In the first major finding from the UT Southwestern Wellstone Center, researchers were able to successfully stop the progression of Duchenne muscular dystrophy (DMD) in young mice. The team of scientists employed a gene-editing technique which, if safely scaled up for DMD patients, could lead to one of the first effective genome editing-based treatments for the lethal disease.
“The recent groundbreaking discoveries from the Olson laboratory using genome editing to correct the genetic mutation that causes DMD have accelerated the race to find a cure for this deadly disease,” expressed Dr. Pradeep Mammen, Associate Professor of Internal Medicine and Co-Director of the UTSW Wellstone Center. “The challenge now lies before Wellstone Center researchers to translate these discoveries in the mouse model of DMD into a therapy for patients with DMD.”
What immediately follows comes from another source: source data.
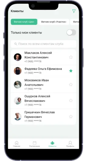 помогает тренерам назначать тренировки и вести клиентов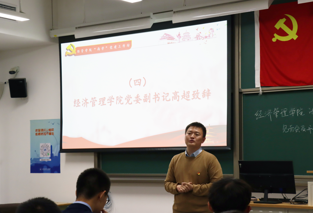 高超老师发表讲话。他对同学们来到“尚学”党建工作坊进行学习表示欢迎。在校庆即将到来之际,高超老师从北航成立的历史背景与同学们分享北航为国而生、与国同行的精神底色和服务于国家重大战略需求、空天报国的精神追求。随后高超老师向本届党建工作坊学员提出两点要求:一是要加强理论学习,端正入党动机。政治上的坚定来源于理论上的清醒,要通过理论学习特别是党史学习,做到学史明理,学史增信,学史崇德,学史力行;二是要扎实开展实践。学习是为了更好的实践,要将所思所想贯彻到日常的学习中,将理论和实践更好地结合。最后高超老师勉励同学们要不畏艰险,时刻以一名合格党员的标准来要求自己,规范自己,不断增强做中国人的志气、骨气、底气,树立为祖国为人民永久奋斗、赤诚奉献的坚定理想。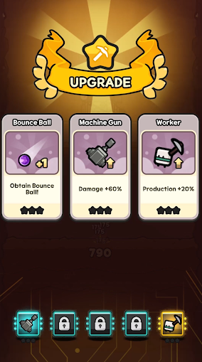 2、机器两侧的小人会自动采矿来获得经验,提升等级后可以获得卡牌提升能力。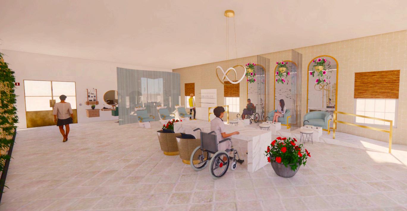 Custom designed pedicure seats with accessible ramps. Hair salon for residents to take care of their appointments within a safe setting so the residents can maintain a sense of self-worth and dignity.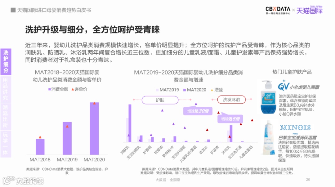 婴幼儿健康成长离不开饮食与营养的全面助力,更需要外用产品的细腻呵护。天猫国际进口婴幼儿洗护品类近三年保持高速规模增长,客单价明显提升。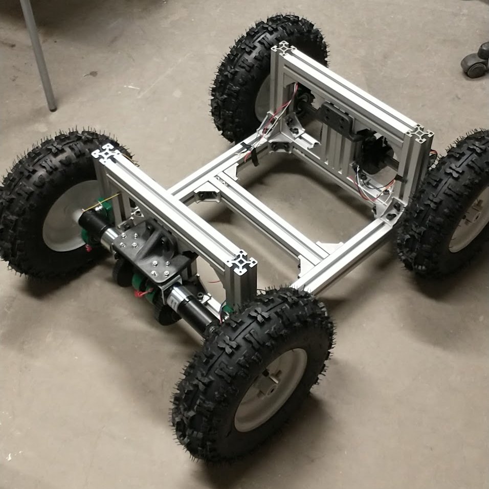 This is a photo in the end of the summer. It have no onboard computer and is turned on with a switch. The weight of the robot is around 50 kg, and have the battery capacity of 24 V 50 amp. The problem with this motor/gear design is that if it is in a certain angle it will start to accelerate and the motors can’t break it.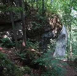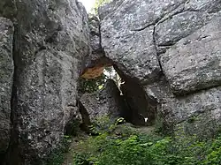 W skałach Sadka znajduje się okno skalne Schroniska Sadek[3].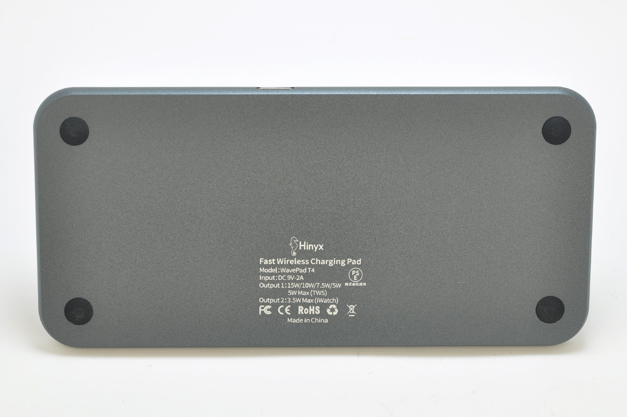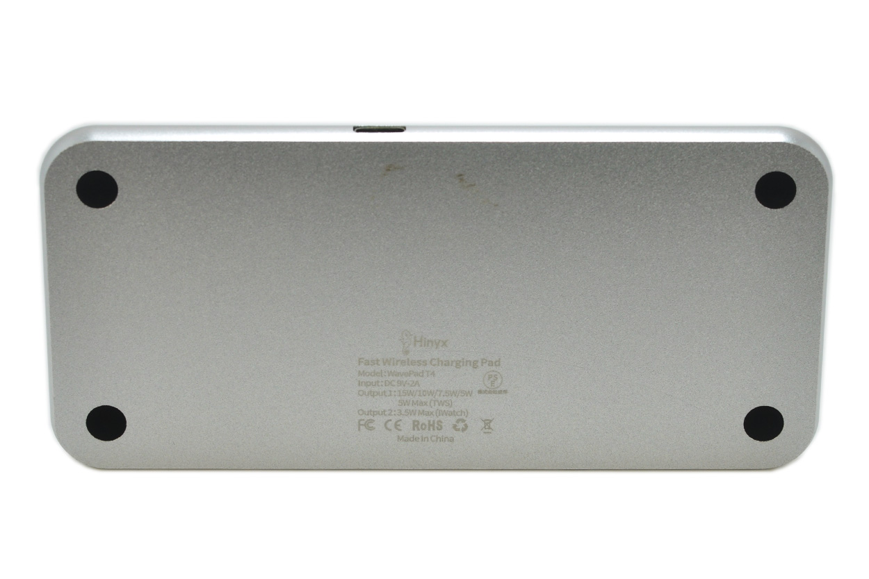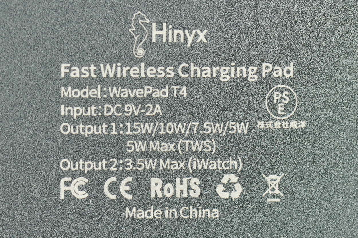 底部标签如下图 Hinyx Fast Wireless Charging Pad Moeel:WavePad T4 Inptu输入:DC 9V-2A (实测5V3A也能用)大线圈Output1:15W/10W/7.5W/5W Max(TWS) 小线圈Output2: 3.5W Max (iWatch)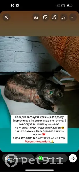 Найдена вислоухая кошечка по адресу Энергетиков 65 а, сидела на окне 1 этажа. В окно стучали, кошечку не знают. Напуганная, сидит под ванной, шипит Ходит в лоточек. Наверняка ее должны искать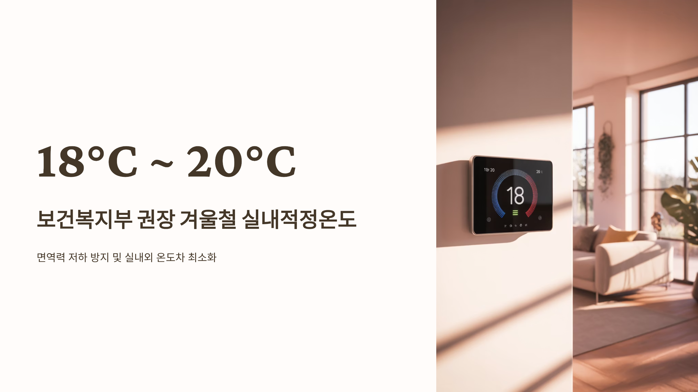 - 보건복지부 권장 기준: 우리나라 보건복지부와 에너지관리공단이 권장하는 겨울철 실내적정온도는 18°C ~ 20°C입니다. 이 온도 범위는 면역력 저하를 막고, 실내외 온도 차로 인한 감기 및 혈압 변동을 줄이는 데 가장 적합합니다.

DMD is the most common and harmful form of muscular dystrophy among boys, affecting one in 3,500 to 5,000 young men, according to the Centers for Disease Control and Prevention. The disease progressively deteriorates muscle mass, causing weakness in the patient and often leading to premature death by his early 30’s.
Muscle fibers break down and become replaced with fibrous or fatty tissue, caused by mutatons in the X-linked DMD gene that encodes the protein dystrophin. The disease has been studied for nearly 30 years, yet no effective treatment currently exists, EurekaAlert reports. Patients with the disease typically end up developing heart muscle disease, or cardiomyopathy.
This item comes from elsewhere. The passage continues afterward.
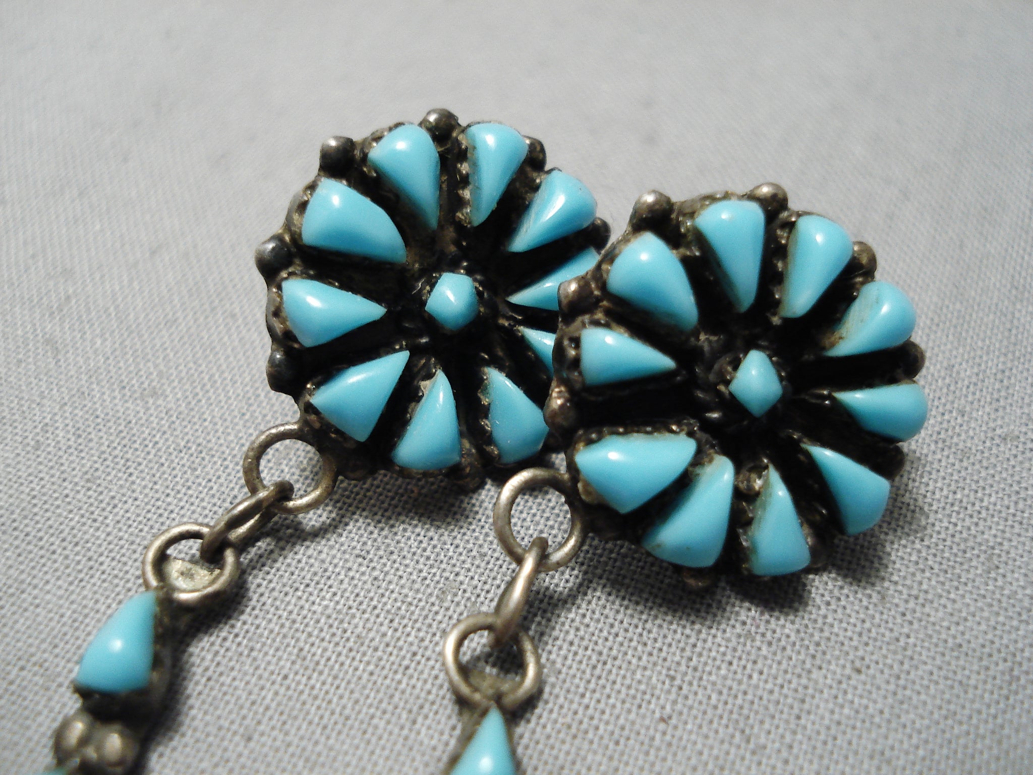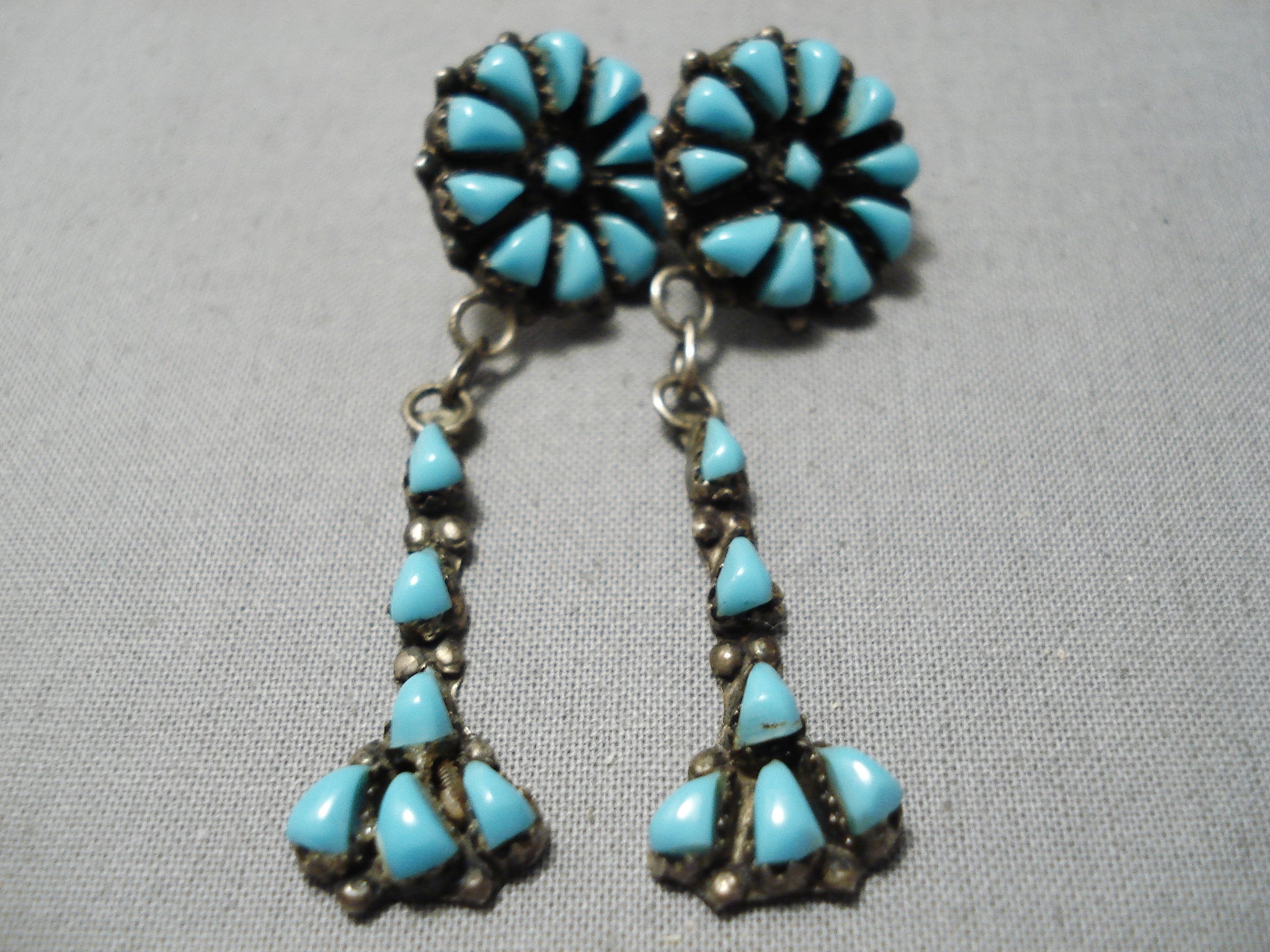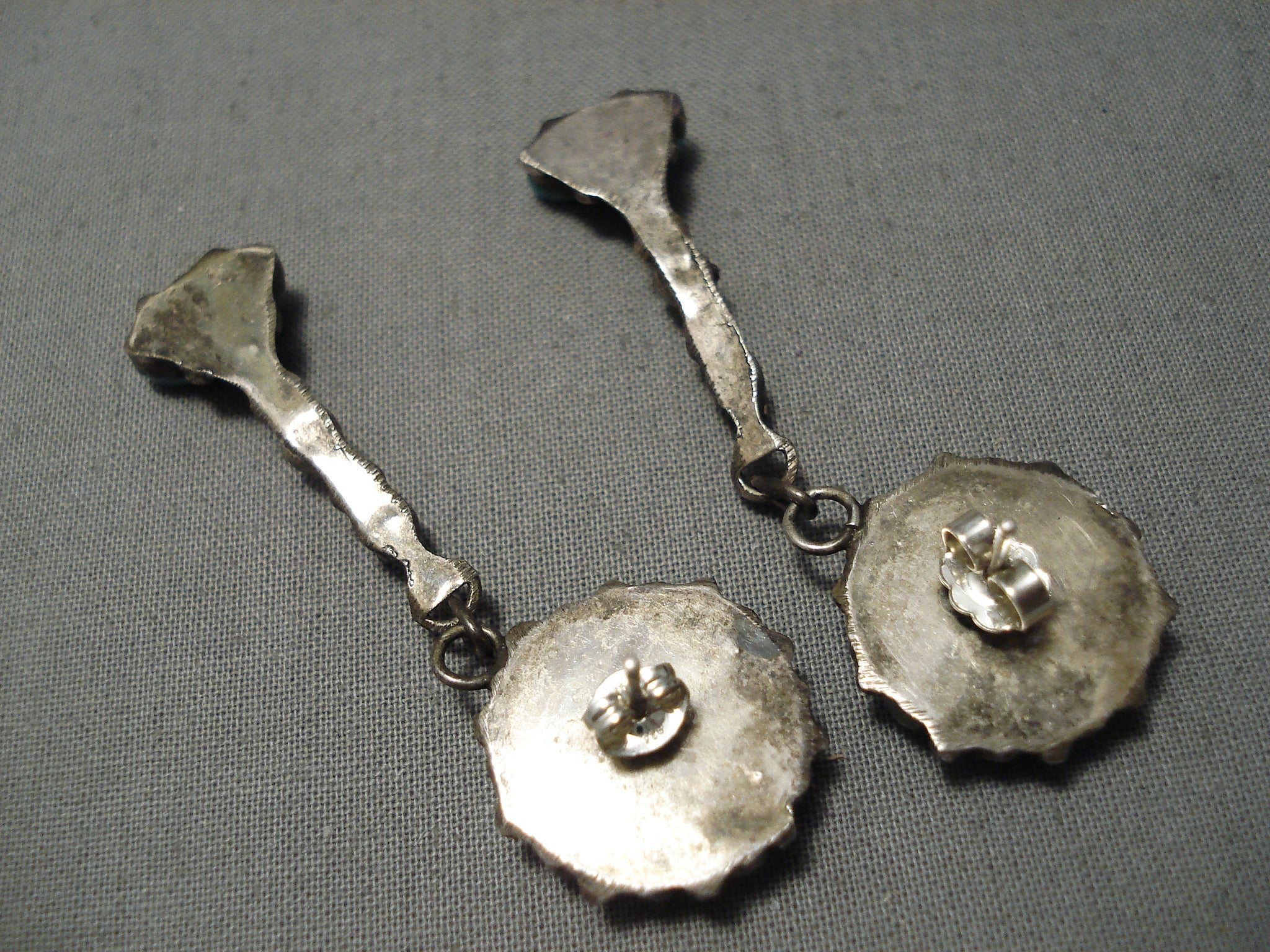 Marvelous Vintage Native American Navajo Teardrop Turquoise Sterling Silver Earrings Old

In the study published Thursday in Science, the team of scientists used a relatively new gene-editing technique known as CRISPR, or Cas9-mediated genome editing, to permanently fix the mutation that causes the disease in young mice.
“This is different from other therapeutic approaches, because it eliminates the cause of the disease,” said senior author Dr. Eric Olson, Chairman of Molecular Biology, and Co-Director of the Senator Paul D. Wellstone Muscular Dystrophy Cooperative Research Center at UT Southwestern.
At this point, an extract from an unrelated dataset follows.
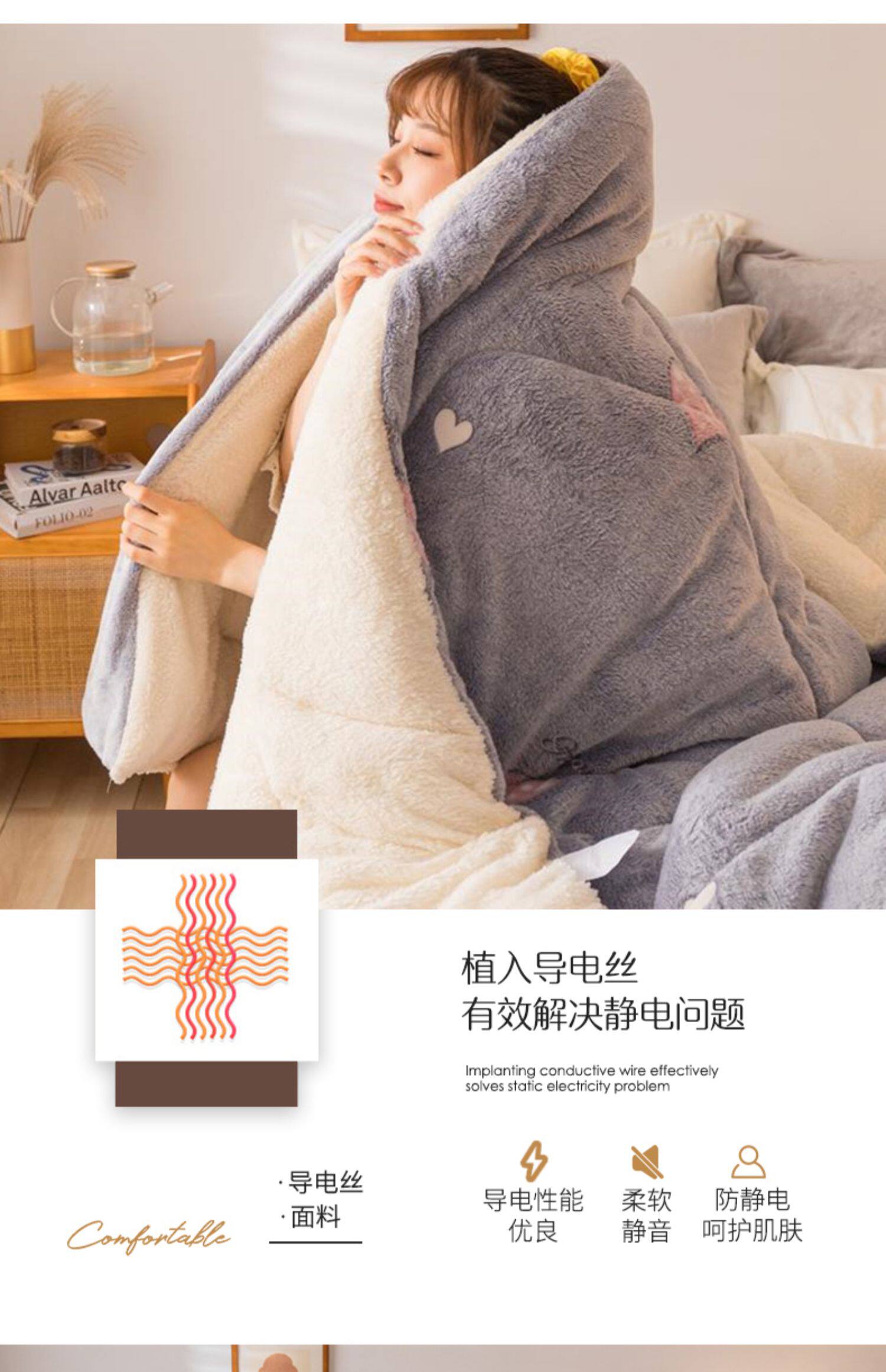 - 200X230см10кг [утолщенный двусторонний бархат, быстрый нагрев 3 секунды]

Dr. Olson first used the CRISPR technique in 2014 to correct the mutation and prevent muscular dystrophy through the reproductive cells (or “germ line”) of mice. While this opened the door for genome editing-based therapeutics in DMD research, it also highlighted a string of challenges for clinical applications of gene editing, since germ line editing is not feasible in humans. Instead, researchers concluded that the technique would need to be revised to work with postnatal tissues.
With the new goal in mind, researchers tested new approaches by delivering gene-editing components to the mice via adeno-associated virus 9 (AAV9). The DMD mice treated with this technique produced dystrophin protein and began to show improved structure and function of sketal muscle and heart.
“AAV9 can efficiently infect humans in a tissue-specific manner, but it does not cause human disease or toxicity. It’s a molecular missile for gene therapy,” said Dr. Leonela Amoasii, a postdoctoral researcher in the Olson lab and co-lead author of the study.
“The CRISPR/Cas9 system is an adaptive immune system of single-celled organisms against invading virus. Ironically, this system was hijacked, we packaged it into a nonpathogenic virus, and corrected a genetic mutation in an animal model,” added Dr. Long, Instructor of Molecular Biology and co-author of the study along with Dr. Amoasii.
Now, the team is working to use this gene-editing technique to cells of DMD patients and in larger preclinical animal models.
“This study represents a very important translational application of genome editing of DMD mutations in young mice. It’s a solid step toward a practical cure for DMD,” said Dr. Rhonda Bassel-Duby, Professor of Molecular Biology and Co-Principal Investigator with Dr. Olson at the Wellstone Center.
“Importantly, in principle, the same strategy can be applied to numerous types of mutations within the human DMD patients,” added Dr. Olson, who also serves as Director of the Hamon Center for Regenerative Science and Medicine and holds the Annie and Willie Nelson Professorship in Stem Cell Research, the Pogue Distinguished Chair in Research on Cardiac Birth Defects, and the Robert A. Welch Distinguished Chair in Science.